### Exercise:
Would you copy exactly the lines in the data below from the one that has "京东7FRESH也已于2月5" through the one that has "Garnek doskonale zatrzymuje", dropping any pictures?

### Supplied data:
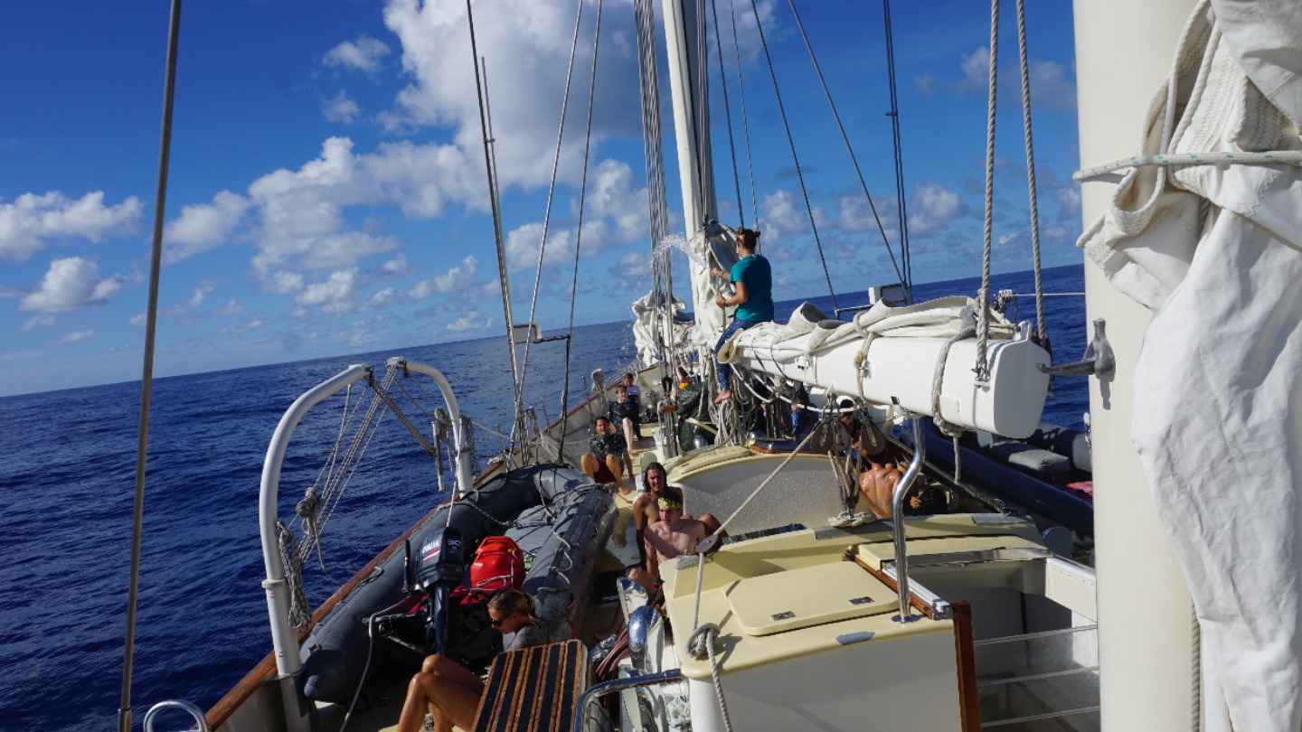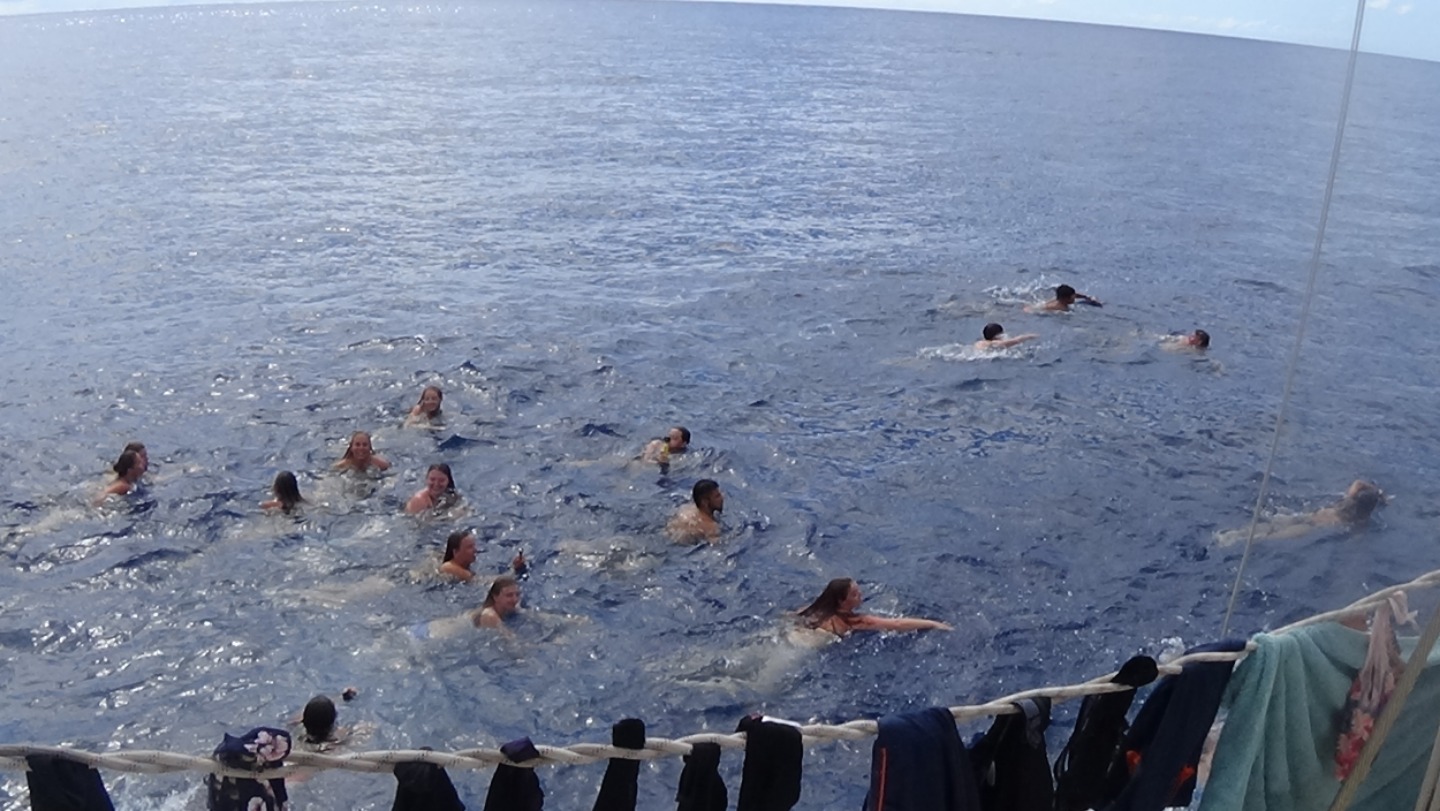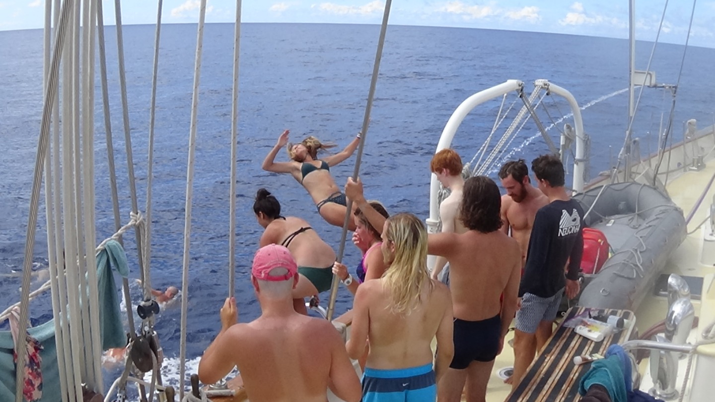 After our Leadership class on mediation, Ben started to slow down the boat. We all hopped off by doing backflips, cannonballs, pencil jumps, and belly flops, and continued to swim across the 0 Latitude line. We all think its cool that were able to say we crossed the Equator while sailing in the Atlantic so, literally the middle of nowhere – as opposed to just off the coast of Brazil or a similar place.
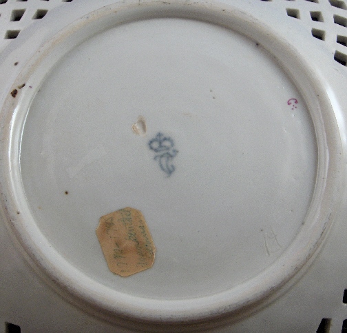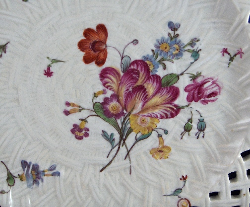 This is a reticulated dessert plate made by Frankenthal. Basketweave relief pattern to the whole plate and painted with a flower design. Redish brown trim. It dates to 1766-1790 and is marked with the CT mark under the crown in underglaze blue as well as incised BI (Jakob or Johann Bierbaum) and pink C:. (painters mark). The plate is just over 9 inches in diameter and in great condition. A bit of wear to the flowers and outside rim. Please email me for more information or other pictures.
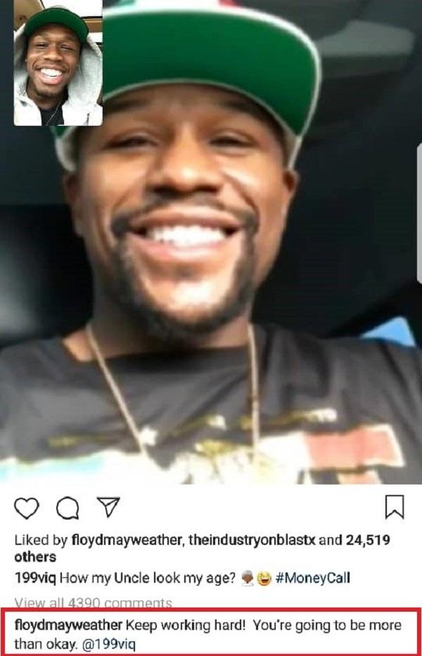 Marquise shared screenshot of a Facetime conversation he had with Mayweather who he calls ‘uncle. Sharing the image on Instagram, Marquise wrote: ‘How my Uncle look my age* #MoneyCall’. In a reply the boxing legend wrote: ‘Keep working hard! You're going to be more than okay.’
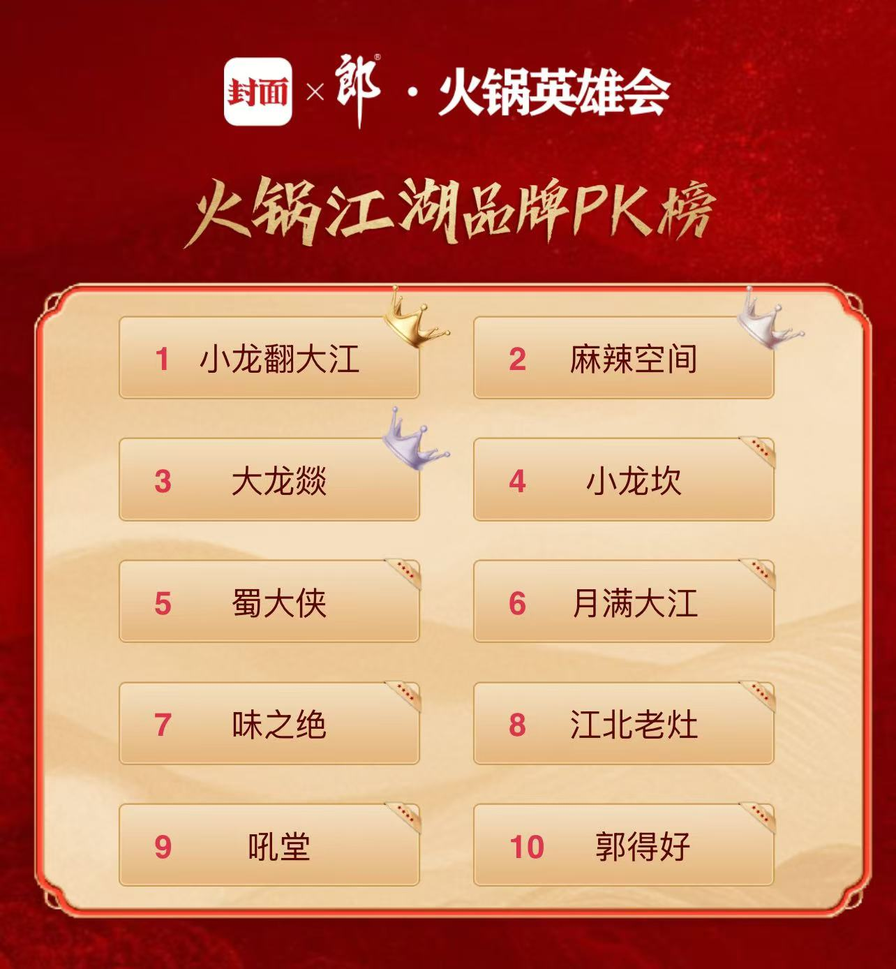 本周火锅江湖品牌PK榜TOP10
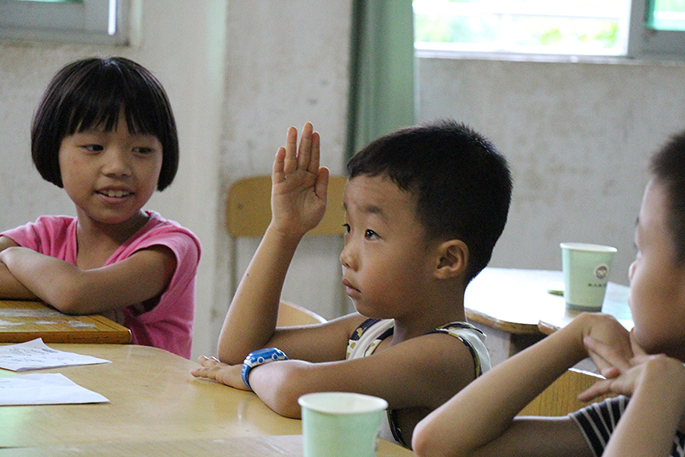 下午13时左右,志愿者们刚刚吃完午餐,就看到小朋友们陆陆续续地来到桃源小学的校园里,等待着小老师的到来。孩子们脸上洋溢着期待而兴奋的笑容,那一双双渴望知识的大眼睛盯着每一位经过的志愿者,盼望着他们走近自己的身旁。志愿者们提前接触和了解这些孩子们,和他们互相沟通,彼此也慢慢熟悉起来。开课时间虽然还没到,但整个校园已经充满着孩童的笑声。
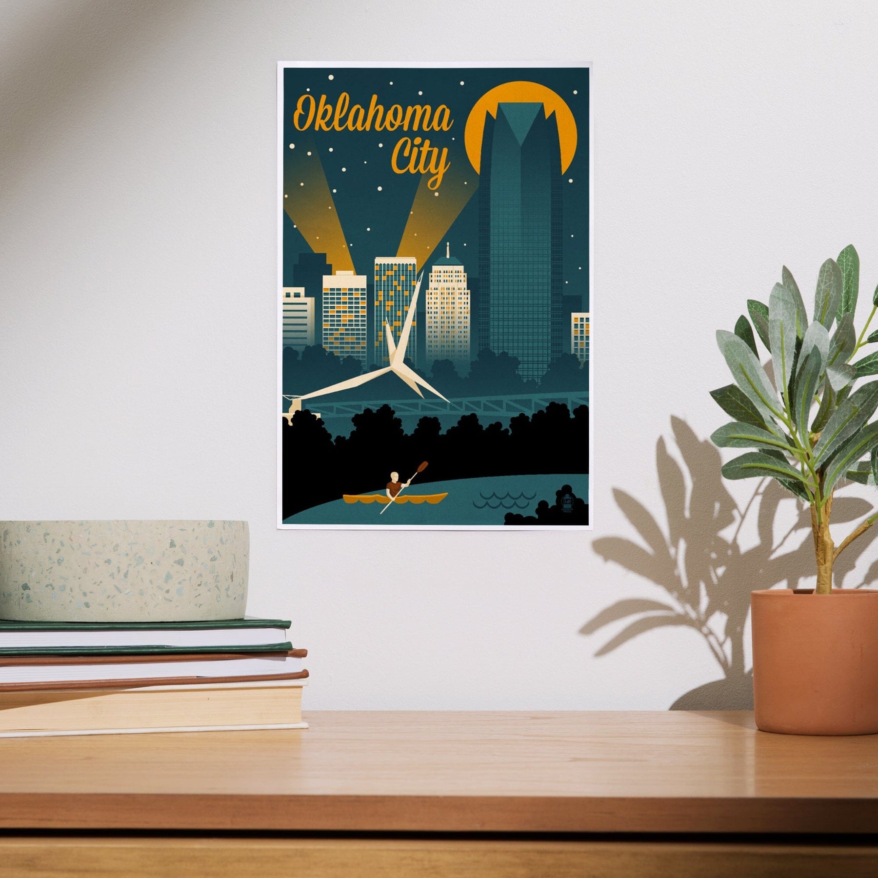 Oklahoma City, Oklahoma, Retro Skyline, Art & Giclee Prints Art Lantern Press
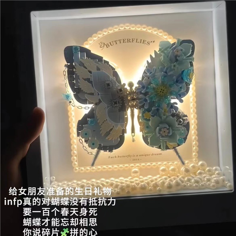 蝶ビルディングブロック立体絵画 DIY 組み立て装飾品ピンク蝶花言葉フォトフレーム組み立ておもちゃガールフレンドのための中国のバレンタインデーのギフト
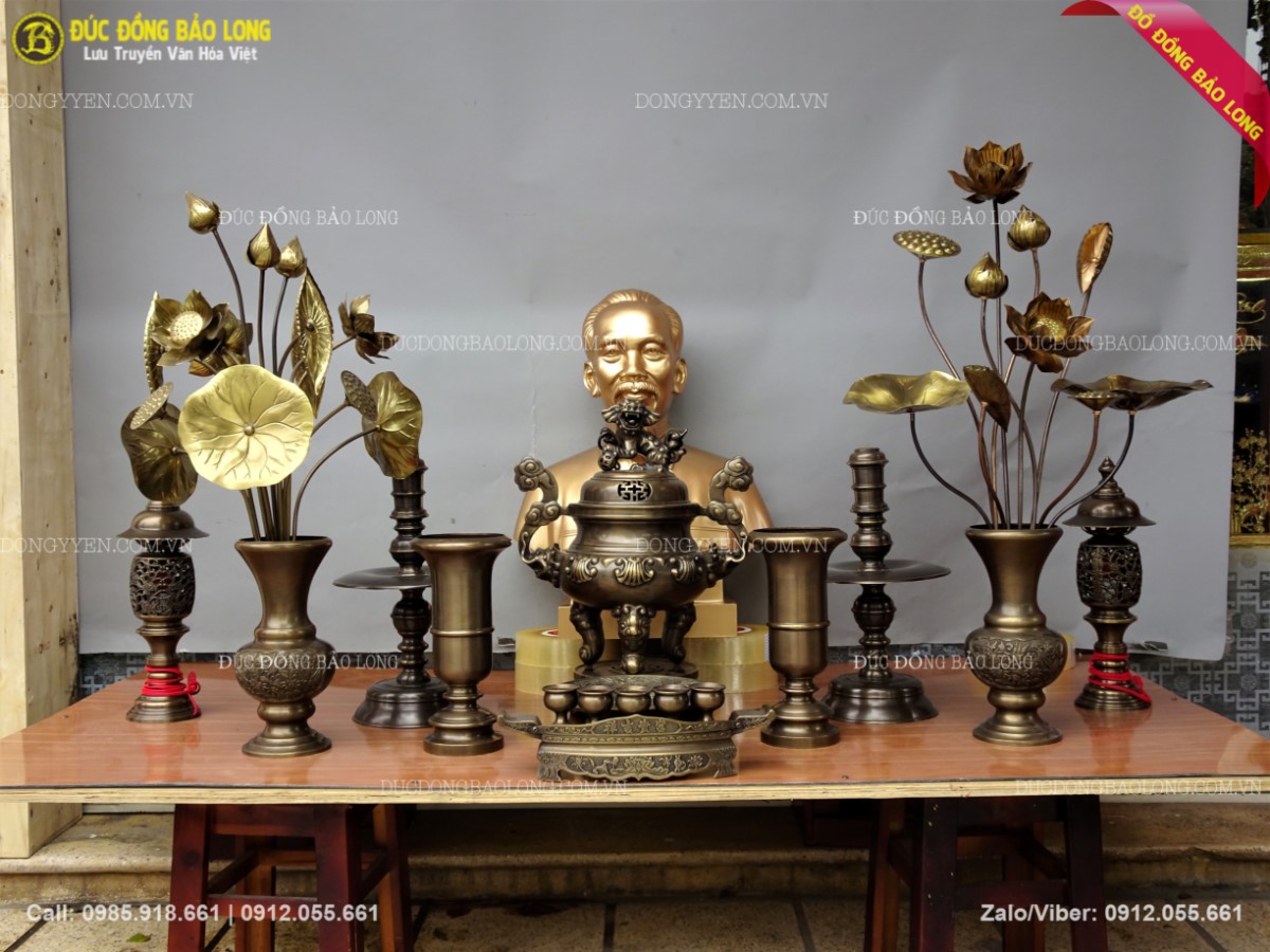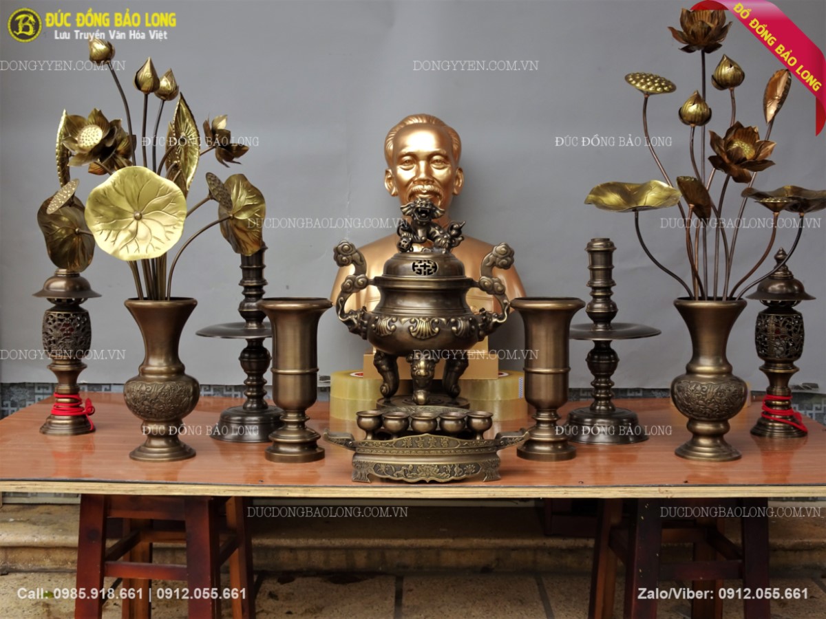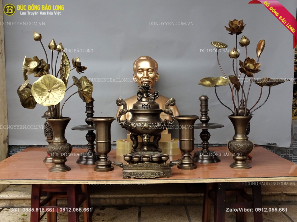 Bộ đồ thờ được đúc thủ công từ nguyên liệu đồng thau
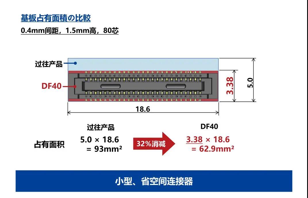 7. 種類繁多(帶護罩:DF40G系列,帶完全鎖:DF40GL系列,ADAS:DF40T系列) 8.核心數(shù)量從10到120核心變化巨大 9.用導向肋確保自動對準:0.33mm 10.防止鎳阻擋層焊接的結(jié)構 11.還提供用于生產(chǎn)線檢查的高度耐用的連接器* 只有H=1.5 mm的產(chǎn)品支持Type-C
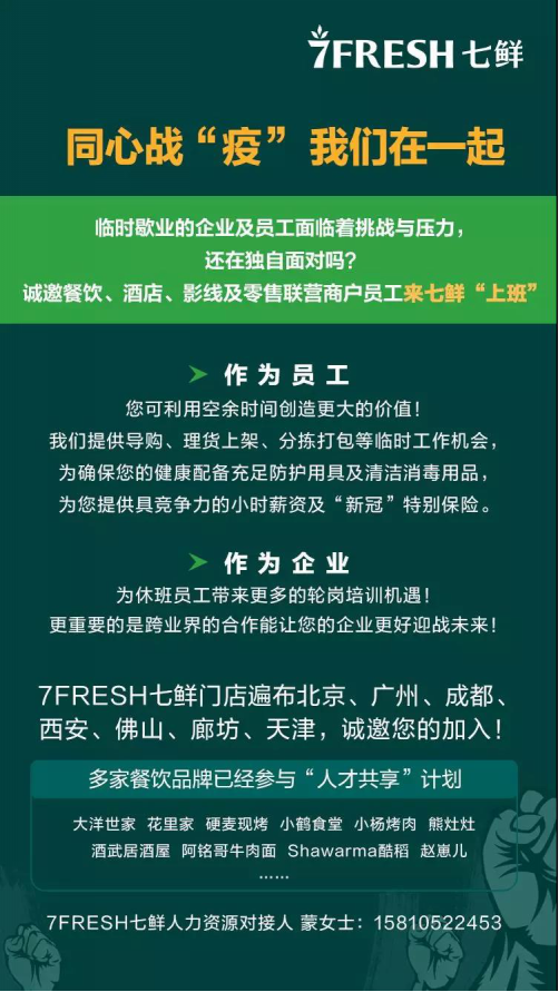 京东7FRESH也已于2月5日发布了“人才共享”计划,面向全国招募临时员工,诚邀临时歇业的员工在此期间以短期打工的方式加盟,提供收银、理货、拣货打包、客服等多种岗位选择。目前,大洋世家、花里家、小鹤食堂等多家餐饮企业员工已开始到京东七鲜超市上班,同时收到多家企业热线咨询表示愿意加入。
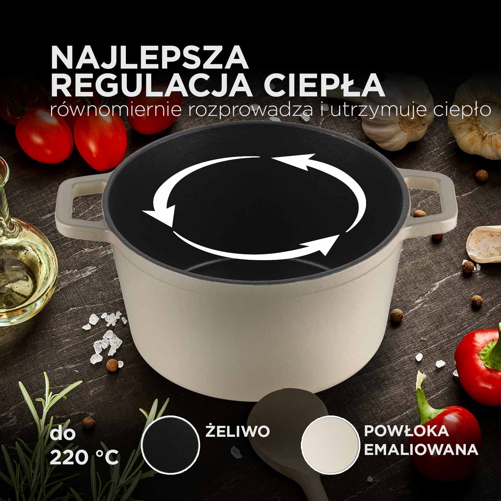 Garnek doskonale zatrzymuje ciepło i równomiernie rozprowadza je po całej powierzchni. 3-warstwowa powłoka emaliowana sprawia, że żywność nie przywiera do dna garnka.
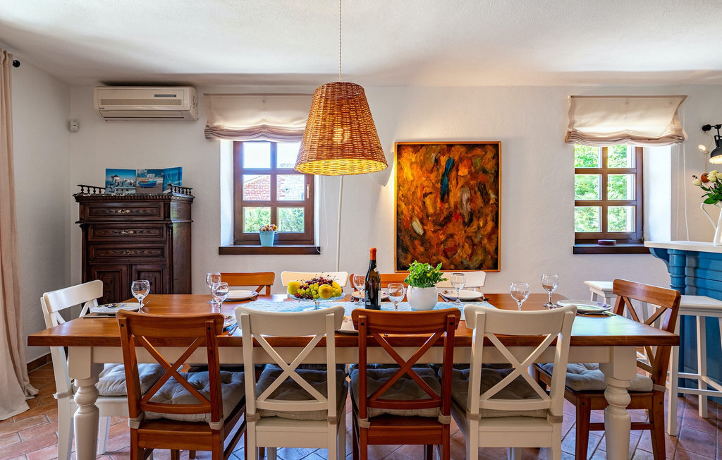 Vous serez certainement séduit par le magnifique et grand espace extérieur avec piscine. Sur la terrasse, vous trouverez quelques coins pour vous asseoir, un coin repas couvert pour 12 personnes, ainsi qu'un barbecue avec des charbons de bois. Baignez-vous dans la piscine, détendez-vous sur l'une des chaises longues et savourez une boisson rafraîchissante. Pendant que vous profitez de vos vacances bien méritées, vos enfants peuvent faire une partie de ping-pong, de volley-ball ou s'amuser sur l'aire de jeux bien équipée. La Villa Happy Holiday est un endroit parfait pour passer des vacances détendues, agréables et naturellement bellesVinjan est un petit village d'Istrie situé à 13 kilomètres à l'est de Pore. Dans la pittoresque ville de Vinjan se trouve un observatoire astronomique de renommée mondiale, qui propose depuis de nombreuses années des programmes d'été internationaux pour les jeunes dans le domaine de l'astronomie, de l'archéologie, de la biologie marine et autres. Vinjan est également connu pour sa culture d'oliviers et est l'un des derniers endroits où l'on trouve le bœuf autochtone d'Istrie, le bokarin.
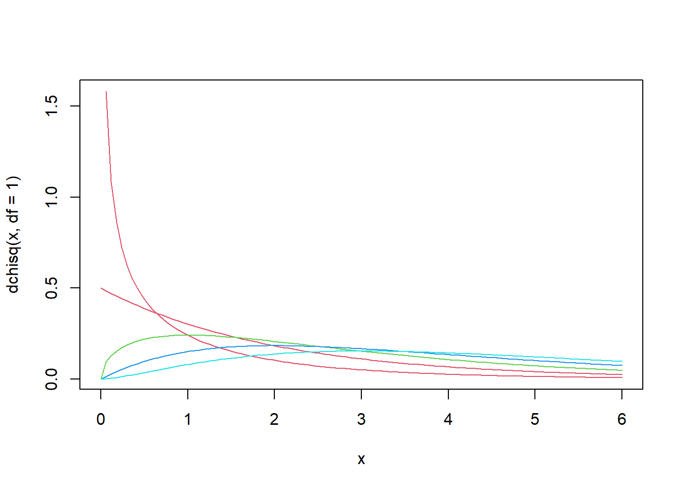 curve(dchisq(x, df=1), from=0, to=6, col=n) # pdf qui-quadrado

### Answer box:
 京东7FRESH也已于2月5日发布了“人才共享”计划,面向全国招募临时员工,诚邀临时歇业的员工在此期间以短期打工的方式加盟,提供收银、理货、拣货打包、客服等多种岗位选择。目前,大洋世家、花里家、小鹤食堂等多家餐饮企业员工已开始到京东七鲜超市上班,同时收到多家企业热线咨询表示愿意加入。
 Garnek doskonale zatrzymuje ciepło i równomiernie rozprowadza je po całej powierzchni. 3-warstwowa powłoka emaliowana sprawia, że żywność nie przywiera do dna garnka.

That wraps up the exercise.